What is needed is a word-for-word copy of the listing below, without pictures.

-.-.-

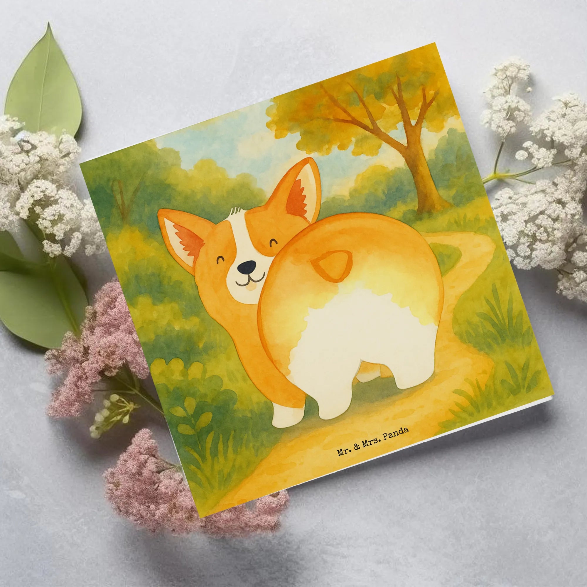 Unsere quadratische Deluxe Karte aus der Hunde Kollektion von Mr. & Mrs. Panda zeigt einen frechen Corgi, der seinen Po stolz in die Kamera hält. Das liebevoll von Mrs. Panda gezeichnete Aquarellmotiv zaubert jedem ein Lächeln ins Gesicht und macht die Karte zur perfekten Wahl für alle, die Hunde, Humor und schöne Papeterie lieben. 😊
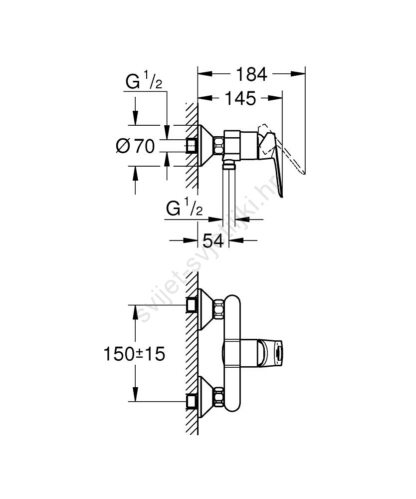 • Zidna pákasta miješalica za tuš – jednostavna montaža.
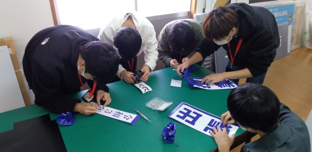 2021年12月10日 企業情報 体験授業を行いました。 12月2日(木)に新潟ビジネス専門学校イベントビジネス学科の1年生が授業の一環で来社され、弊社の業務の一部を体験いたしました。 製作部製作課 製作部製作課(表具) 製作部製作課(サイン製作) 製作部製作課(サイン製作)
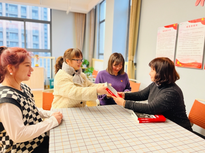 杭州市康桥学前教育集团党支部书记方小红第一时间分别赶到集团的三个园区,把《习近平在浙江》这本红色书籍亲自送到党员的手中。为了鼓励党员老师更好地投入到学习中,提出相应的学习计划:本次学习采用自主学习与集中学习、分章荐读与线上线下交流相结合的多元学习方式进行深度学习。听取方书记的要求后,党员老师接捧热乎乎的2本书籍,表示寒假可以好好阅读,做好更好地充电与思想洗礼。
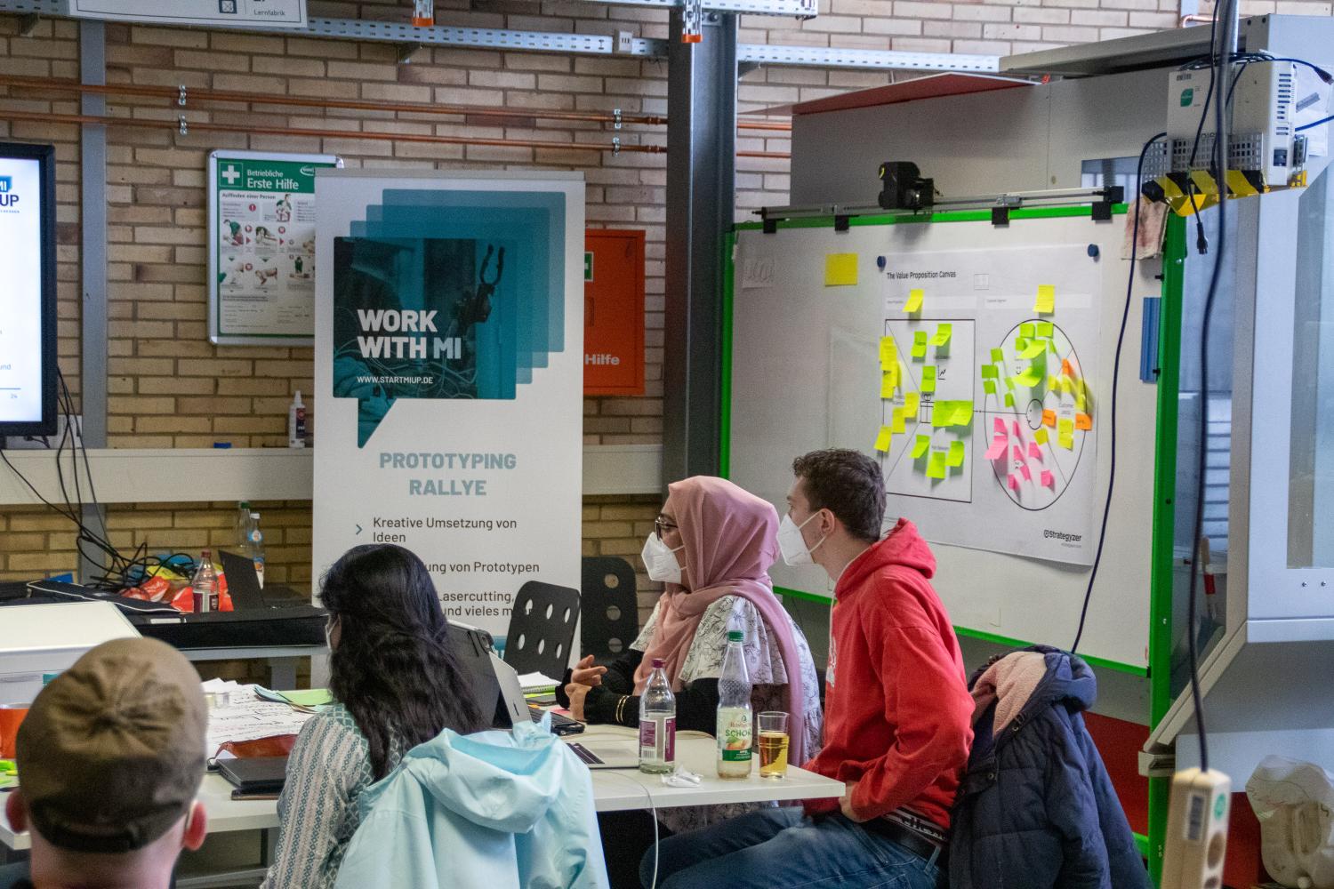 Im Einzelnen bestanden die vergangenen fünf Wochen aus Workshops zu Design Thinking, Kreativität, Geschäftsmodellentwicklung, Prototyping Technologien und natürlich Inhalten zum Thema Prototyping und Testing im Allgemeinen. „Dank der Unterstützung der StartMiUp-Mitarbeitenden und der lehrreichen Workshops konnten wir in dieser kurzen Zeit erstaunlich viel auf die Beine stellen und unsere Idee super ausarbeiten“ zeigt sich Frau Halla Ahmad erfreut über die Teilnahme an der diesjährigen Prototyping Rallye.

-.-.-

## [Answer box]
 Unsere quadratische Deluxe Karte aus der Hunde Kollektion von Mr. & Mrs. Panda zeigt einen frechen Corgi, der seinen Po stolz in die Kamera hält. Das liebevoll von Mrs. Panda gezeichnete Aquarellmotiv zaubert jedem ein Lächeln ins Gesicht und macht die Karte zur perfekten Wahl für alle, die Hunde, Humor und schöne Papeterie lieben. 😊
 • Zidna pákasta miješalica za tuš – jednostavna montaža.
 2021年12月10日 企業情報 体験授業を行いました。 12月2日(木)に新潟ビジネス専門学校イベントビジネス学科の1年生が授業の一環で来社され、弊社の業務の一部を体験いたしました。 製作部製作課 製作部製作課(表具) 製作部製作課(サイン製作) 製作部製作課(サイン製作)
 杭州市康桥学前教育集团党支部书记方小红第一时间分别赶到集团的三个园区,把《习近平在浙江》这本红色书籍亲自送到党员的手中。为了鼓励党员老师更好地投入到学习中,提出相应的学习计划:本次学习采用自主学习与集中学习、分章荐读与线上线下交流相结合的多元学习方式进行深度学习。听取方书记的要求后,党员老师接捧热乎乎的2本书籍,表示寒假可以好好阅读,做好更好地充电与思想洗礼。
 Im Einzelnen bestanden die vergangenen fünf Wochen aus Workshops zu Design Thinking, Kreativität, Geschäftsmodellentwicklung, Prototyping Technologien und natürlich Inhalten zum Thema Prototyping und Testing im Allgemeinen. „Dank der Unterstützung der StartMiUp-Mitarbeitenden und der lehrreichen Workshops konnten wir in dieser kurzen Zeit erstaunlich viel auf die Beine stellen und unsere Idee super ausarbeiten“ zeigt sich Frau Halla Ahmad erfreut über die Teilnahme an der diesjährigen Prototyping Rallye.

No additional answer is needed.